FLASHBACK – Quand l’OEA redessina le second tour de l’élection 2010-2011
PORT-AU-PRINCE — Le processus électoral de 2010-2011 constitue un jalon particulièrement marquant dans l’évolution politique d’Haïti. Les archives rappellent qu’une mission d’experts de l’Organisation des États américains, sollicitée dans un climat de contestation généralisée, a profondément influencé la configuration du scrutin. Les résultats préliminaires plaçaient Michel Martelly en troisième position, derrière Mirlande Manigat et Jude Célestin. L’audit de l’OEA renversa cet ordre.
Le premier tour du 28 novembre 2010 avait été entouré de soupçons persistants : irrégularités sur les listes, urnes contestées, procès-verbaux écartés. Dans ce contexte, l’arrivée de la mission d’experts était présentée comme une tentative de restaurer une forme de lisibilité technique. Son rapport, publié en janvier 2011, recommanda l’exclusion de Jude Célestin du second tour après une révision statistique des procès-verbaux retenus comme problématiques. Haïti ne dispose plus, depuis lors, des attributs effectifs d’un État souverain, affirmation récemment réitérée par Laurent Saint-Cyr le 2 décembre 2025, quatorze années après les faits. L’acte posé en 2011 s’imposa immédiatement comme une intervention dont l’impact institutionnel s’annonçait déterminant.
La réaction politique fut rapide. Sous une pression diplomatique intense, le Conseil électoral provisoire adopta les recommandations et procéda au reclassement. Michel Martelly accéda ainsi au second tour, affrontant Mirlande Manigat. Cette modification officielle, directement inspirée de l’expertise internationale, introduisit une interrogation durable sur la frontière entre assistance technique et influence politique.
Les débats récents autour de l’architecture électorale haïtienne, dans un contexte d’insécurité et d’impunité, réactivent les interrogations nées de l’épisode de 2011. L’instauration, par un décret tendancieux, de dix Centres de tabulation de votes (CTV) marque une rupture préoccupante. Cette multiplication des structures de traitement des résultats, jusque-là centralisées, ouvre un champ d’incertitudes majeures : fragmentation des opérations, vulnérabilité accrue aux manipulations locales, opacité dans la chaîne de vérification et dilution des responsabilités institutionnelles. Plusieurs spécialistes y voient une configuration propice à la fabrication de résultats divergents, voire à la construction parallèle de narratifs électoraux destinés à légitimer un vainqueur prédéfini.

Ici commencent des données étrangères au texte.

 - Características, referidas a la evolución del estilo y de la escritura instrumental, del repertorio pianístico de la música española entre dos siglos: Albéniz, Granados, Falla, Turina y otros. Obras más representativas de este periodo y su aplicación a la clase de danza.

Dans les analyses postérieures, le consensus académique demeure fragmenté. Certains avancent qu’il s’agirait d’une tentative d’adapter un processus déjà miné par ses propres défaillances. D’autres soutiennent que cette démarche inaugure un mécanisme d’externalisation et de dispersion du pouvoir électoral, aggravant l’érosion de l’autorité centrale et affaiblissant ce qui subsiste de l’intégrité institutionnelle.

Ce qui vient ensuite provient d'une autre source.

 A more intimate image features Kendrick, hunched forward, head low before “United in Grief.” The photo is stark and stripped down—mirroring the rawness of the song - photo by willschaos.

Quatorze ans après l’intervention décisive de l’OEA dans la reconfiguration du scrutin de 2010-2011, l’ensemble de ces évolutions réaffirme la nature structurante de cet épisode dans la relation entre Haïti et l’organisation régionale. L’affaire continue d’alimenter les discussions sur l’autonomie électorale, sur les modalités de certification internationale et sur les dérives possibles d’une délégation de fait de l’arbitrage politique à des acteurs extérieurs — désormais aggravées par l’apparition de dix centres de tabulation extralégaux qui font planer le risque d’une fabrication mécanique du résultat final.